Key information I extracted from the 12 documents, using ChatGPT-4-o1 and a few rounds of prompting:

  • LLMs are non-deterministic, so the only way to ensure quality and stability is through evaluation, observability, and tight control over prompt and logic changes.
  • Prompt engineering is not optional or secondary—it’s where much of the actual ‘programming’ happens in LLM-based systems.
  • Human oversight is essential because LLMs are confident but imperfect; graceful failure modes and fallback strategies increase trust.

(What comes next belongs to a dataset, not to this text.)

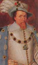 King James I. Reigned 1603 - 1625, also King of Scotland 1567 - 1625.
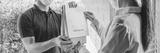 Asian delivery man wearing face mask hand giving bag of food delivery to female customer grocery delivery service during covid19.

  • The narrower the scope of an agent, the better it can perform—generality breeds ambiguity, hallucinations, and brittleness.
  • Treating agents like standalone products forces you to think about UX, feedback loops, and lifecycle management—essential for real-world use.
  • Agents shouldn’t pretend to be human—they’re most effective when they transparently act as power tools that users can guide and trust.
  • Fast iteration with real users beats speculative perfection; field usage reveals issues you’ll never catch in the lab.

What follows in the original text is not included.